Hoy estoy algo melancólica y este relato me ha sacado de mi sopor. Después de una vida llena de recuerdos, aromas y sabores, ¡quién pudiera llevárselos consigo!
Gracias por compartir esta joya. Un abrazo.
Gracias a ti, Eva, por la paciencia para leer lo que publico, jeje. Un abrazo y que pases una buena tarde. ;-)
Hola. Me encanta este mirco y me preguntaba si te gustaría que lo publicáramos en nuestra asociación. vendría con un enlace a tu blog. La hemos creado para extender ramas hacia otros autores, compartir escritos y enriquecernos juntos. http://asociacionelarteerestu.blogspot.com.es/ ¿Te apetece?
Gracias, Gema.
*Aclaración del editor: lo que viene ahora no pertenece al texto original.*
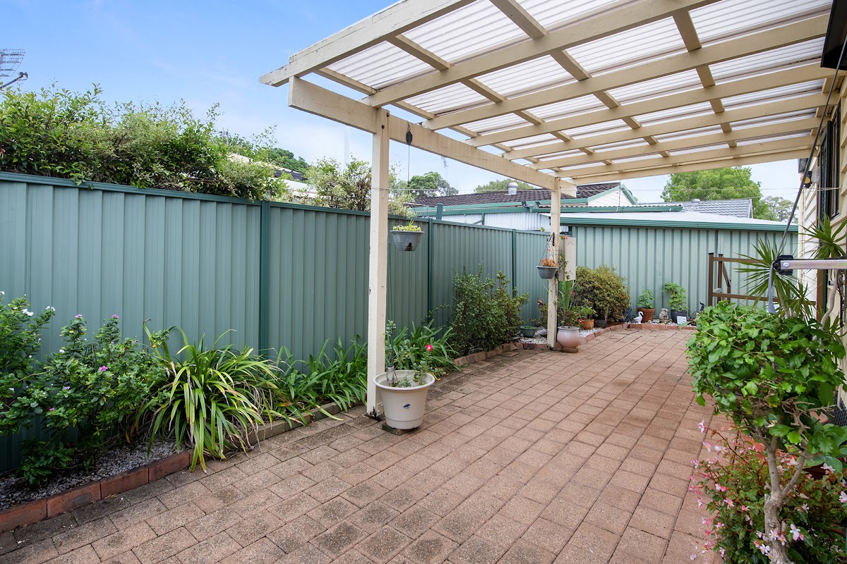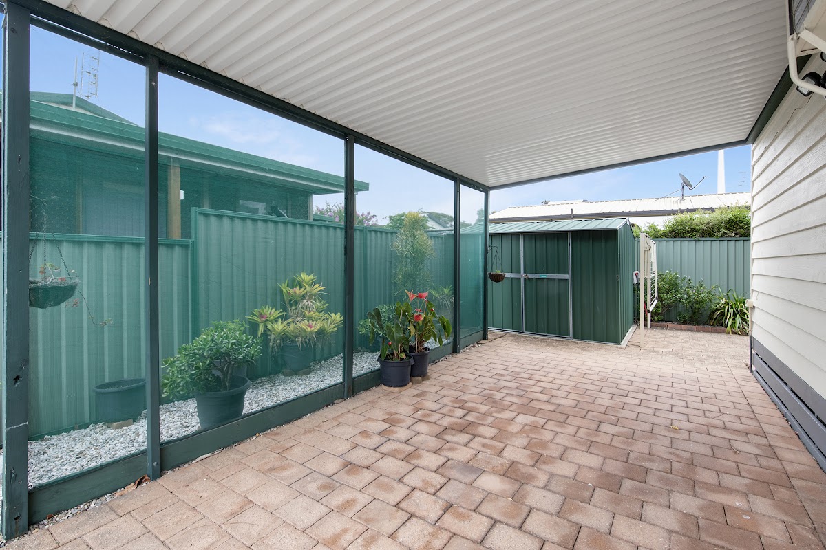The backyard is paved and does have the clothesline and garden shed with easy care garden beds which lead out to the carport area.

Hablamos. Te he mandado mensaje. Saludos.
Un relato que he vuelto a leer con gran placer Juantobe, me ha gustado mucho.
Una muerte que muchos desearían para ellos, me apunto, muy bien escrito y fácil de leer.
Un gran trabajo.
Un saludo cordial.
Amigo Bénjamin J.Green, gracias por tus reflexiones. Me alegra muchísimo saber que el micro te ha evocado todas esas cosas y que te ha gustado. Saludos cordiales y buen domingo. Juan Antonio.
Me encanta: el texto tan cuidado, la elegancia con la que escribes, la riqueza de tu vocabulario y la historia que cuentas. Siempre me quedo con las ganas de saber más, de seguir con la lectura.Como siempre te felicito y te agradezco estas perlas que me gustan tanto.
Un abrazo.
Muchísimas gracias, Mamen, por tan bonitas palabras. Aunque me abruman, no dejan de congratularme. Me alegro que te haya gustado esta historia. Un fuerte abrazo.
Amigo Juan pensé que te había comentado ya aquí, pero debió ser en alguna comunidad.
El sepia un color especial en el que a través de una película antigua nos muestras perfectamente el deambular en el recorrido de una vida.. Nuestros eternos recuerdos y nuestras vivencias que sin duda nos marcan continuamente.
Me gusto mucho tu relato..
Muchísimas gracias, Maríjose. El sepia es un color muy evocador. Me alegra saber que mis letras han podido transpirar el alma del personaje. Gracias por tus palabras. Abrazos.